• REQUIRED WORK: Nothing but the lines below from the one containing "먼저 부추는 흐르는 물에" through the one containing "We finally got" should appear in the answer, exact and without pictures.

———

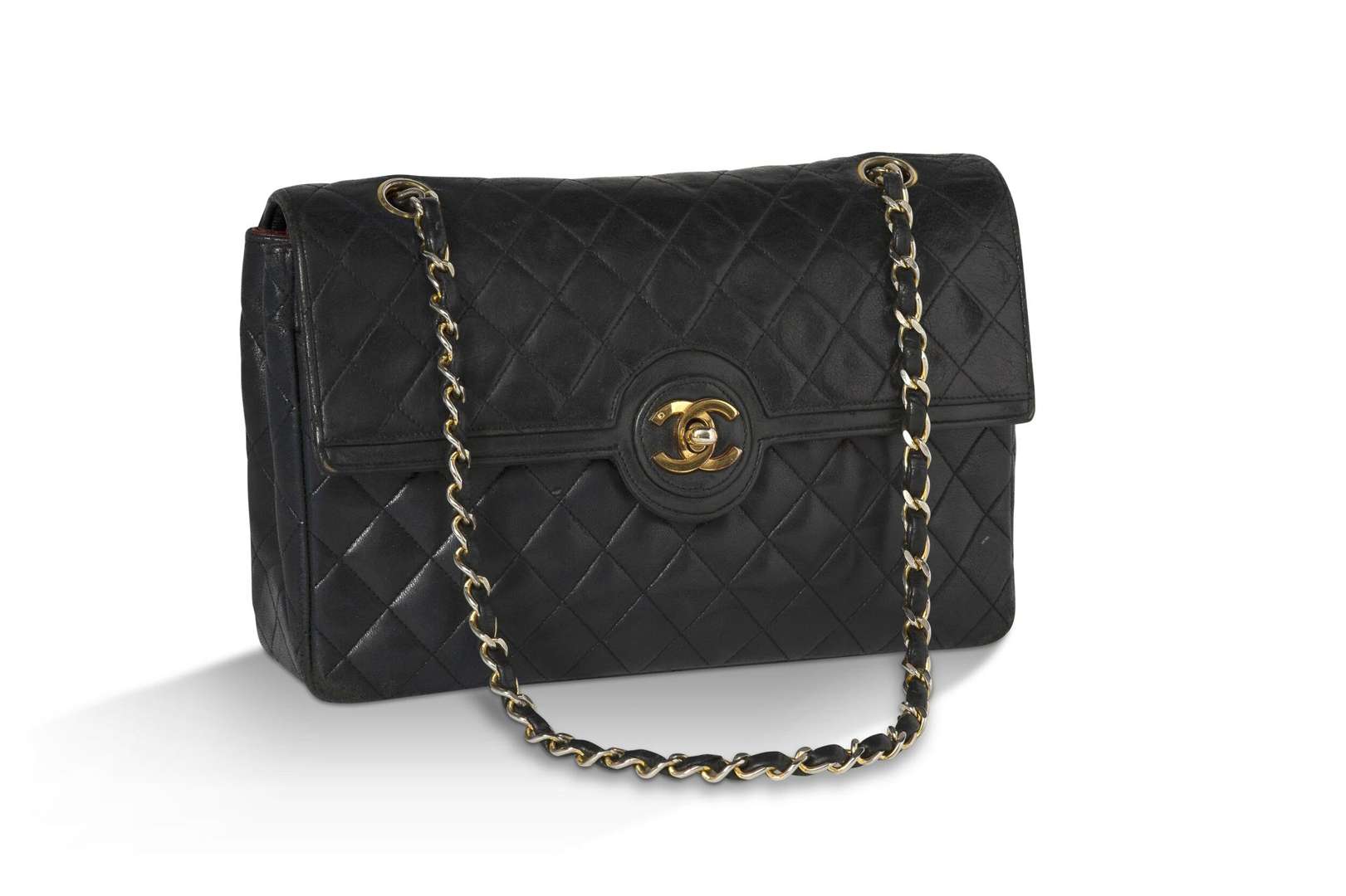 Sac matelassé en cuir noir avec garniture en métal doré. Une poche plaquée au dos. Anse bandoulière chaîne entrelacée de cuir.
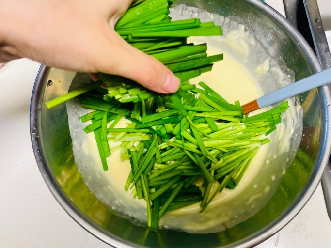 먼저 부추는 흐르는 물에 깨끗이 씻은 후 4~5cm 정도로 잘라 준비해 주세요. 부추는 씻은 뒤 물기를 확실히 제거해야 바삭한 전이 됩니다. 키친타월이나 채반에 올려 자연스럽게 물기를 빼는 것이 좋습니다.
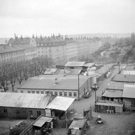 På bilden syns Brännkyrkagatan till vänster och i fonden Varvsgatan med spårvagnen.
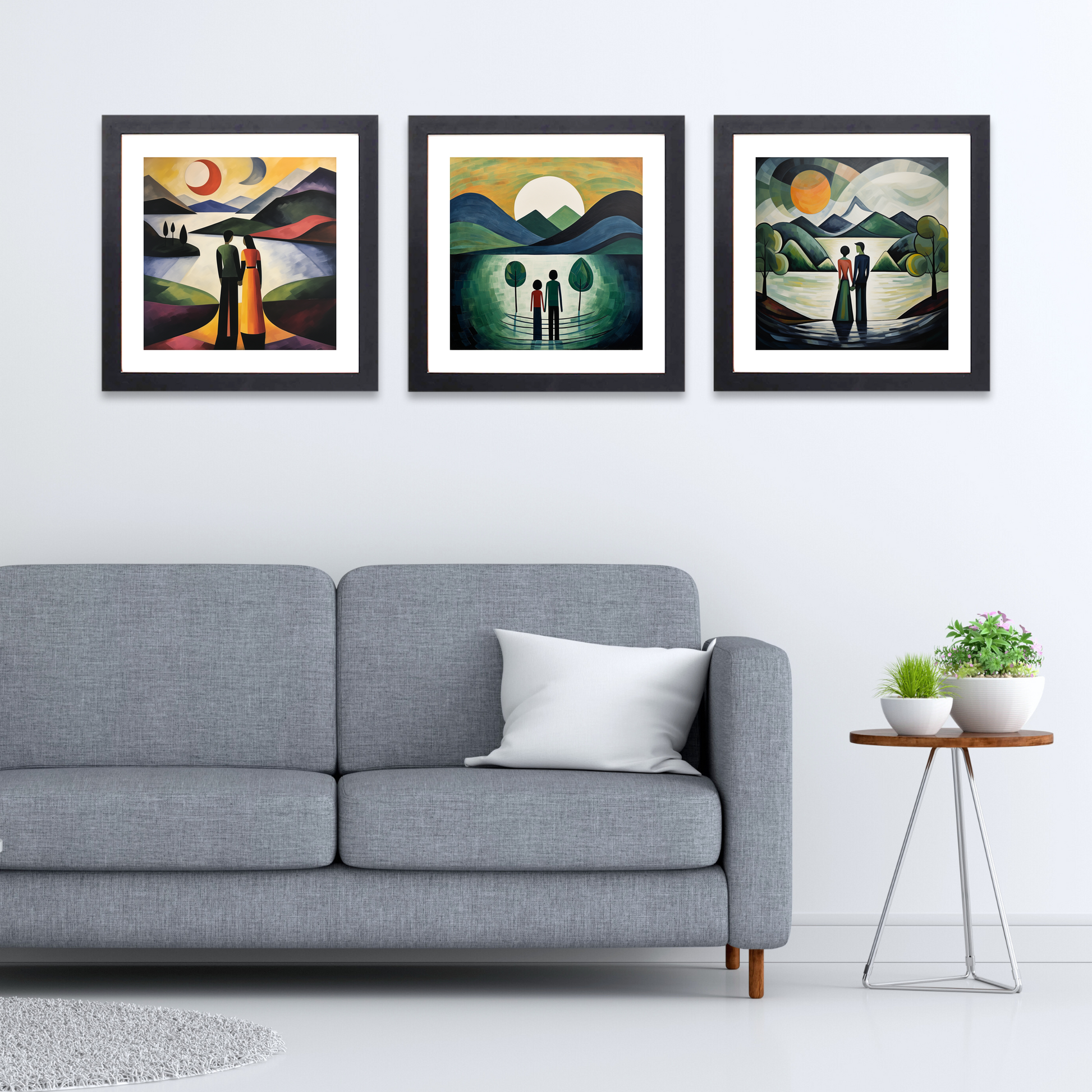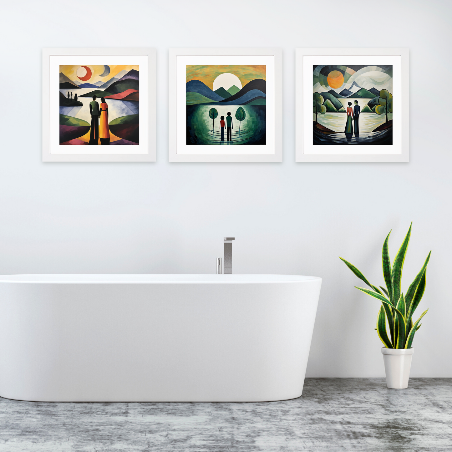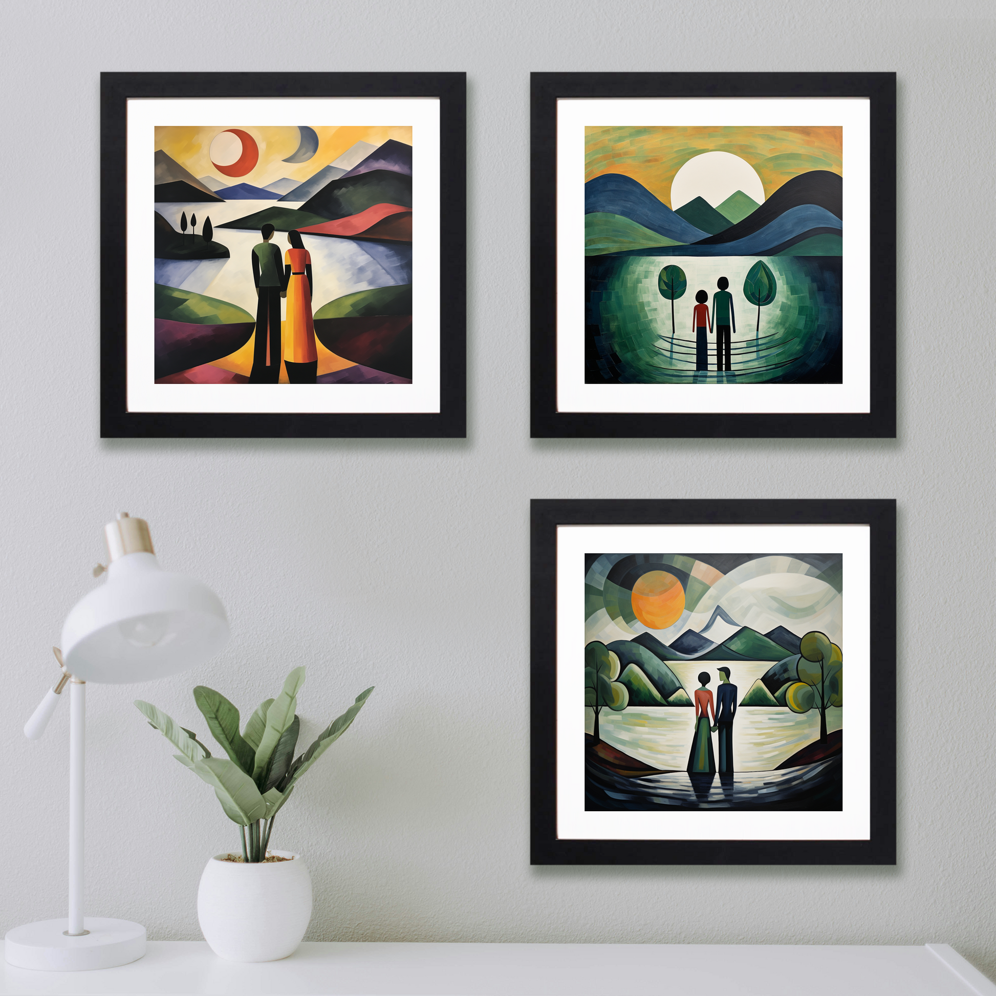 A couple holding hands looking out on Loch Lomond - Set of Three Prints
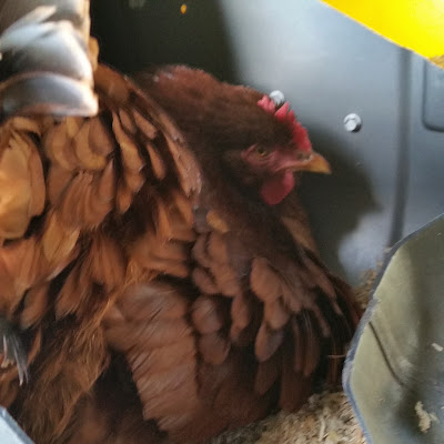 We finally got a chance to butcher the four remaining roosters and cull six older hens, which has got us down to more management numbers (20-ish hens with three roosters in three chicken tractors). And now one of the young hens has gone broody...
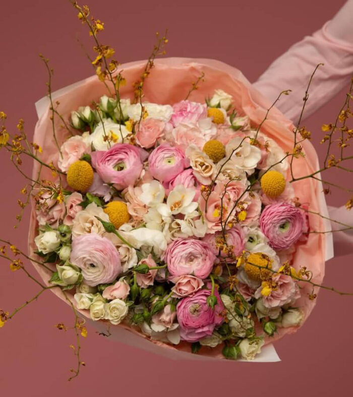 Phantom’s Garden is a floral arrangement that feels like a fleeting dream—mysterious, enchanting, and elegantly untamed. Soft pink roses, symbolizing love and admiration, bloom at the heart of this piece, their delicate petals whispering secrets of romance and nostalgia. Accents of golden-yellow accessories add warmth and intrigue, like the last rays of sunlight filtering through an enchanted forest.

———

• RESPONSE AREA:
 먼저 부추는 흐르는 물에 깨끗이 씻은 후 4~5cm 정도로 잘라 준비해 주세요. 부추는 씻은 뒤 물기를 확실히 제거해야 바삭한 전이 됩니다. 키친타월이나 채반에 올려 자연스럽게 물기를 빼는 것이 좋습니다.
 På bilden syns Brännkyrkagatan till vänster och i fonden Varvsgatan med spårvagnen.
 A couple holding hands looking out on Loch Lomond - Set of Three Prints
 We finally got a chance to butcher the four remaining roosters and cull six older hens, which has got us down to more management numbers (20-ish hens with three roosters in three chicken tractors). And now one of the young hens has gone broody...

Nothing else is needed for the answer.